A basic example of parsing HTML in Perl

This program demonstrates the basic use of the HTML::TreeBuilder module to parse HTML and convert the parsed input into a tree structure.

#!/usr/bin/perl
use warnings;
use strict;
use HTML::TreeBuilder;

# This is the file we are going to read.

my $file = 'test.html';

# Parse all of the contents of $file.

my $parser = HTML::TreeBuilder->new ();
$parser->parse_file ($file);

# Now display the contents of $parser.

recurse ($parser, 0);

exit;

# This displays the contents of $node and any children it may
# have. The variable $depth is the indentation used.

sub recurse
{
    my ($node, $depth) = @_;

    # Print indentation according to the level of recursion.

    print "  " x $depth;

    # If $node is a reference, then it is an HTML::Element.

    if (ref $node) {

        # Print the tag associated with $node, for example "html" or
        # "li".

        print $node->tag (), "\n";

        # $node->content_list () returns a list of child nodes of
        # $node, which we store in @children.

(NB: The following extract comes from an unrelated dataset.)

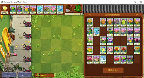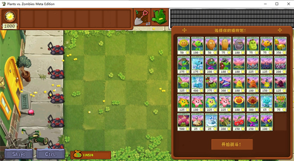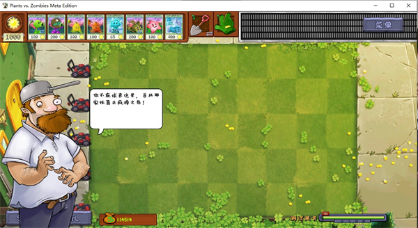 3、随后就可以放置你的植物,初始会有一千的阳光,但是并没什么用,因为游戏一开始难度就很高;
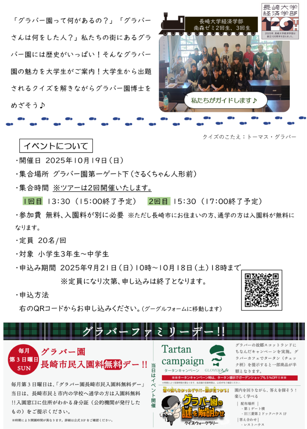 「グラバー園って何があるの?」「グラバーさんは何をした人?」私たちの街にあるグラバー園には歴史がいっぱい!そんなグラバー園の魅力を大学生がご案内!大学生から出題されるクイズを解きながらグラバー園博士をめざそう♪

        my @children = $node->content_list ();
        for my $child_node (@children) {
            recurse ($child_node, $depth + 1);
        }
    }
    else {

        # If $node is not a reference, then it is just a piece of text
        # from the HTML file.

        print $node, "\n";
    }
}

(download)

On the following HTML:

<html>
<body>
<ol>
<li>Giant panda</li>
<li>Kangaroo</li>
</ol>
</body>
</html>

it produces:

html
  head
  body
    ol
      li
        Giant panda
      li
        Kangaroo

The documentation for HTML::TreeBuilder is scattered over a number of different pages. The tag and content_list methods used in the above example are documented in HTML::Element#tag and HTML::Element#content_list respectively.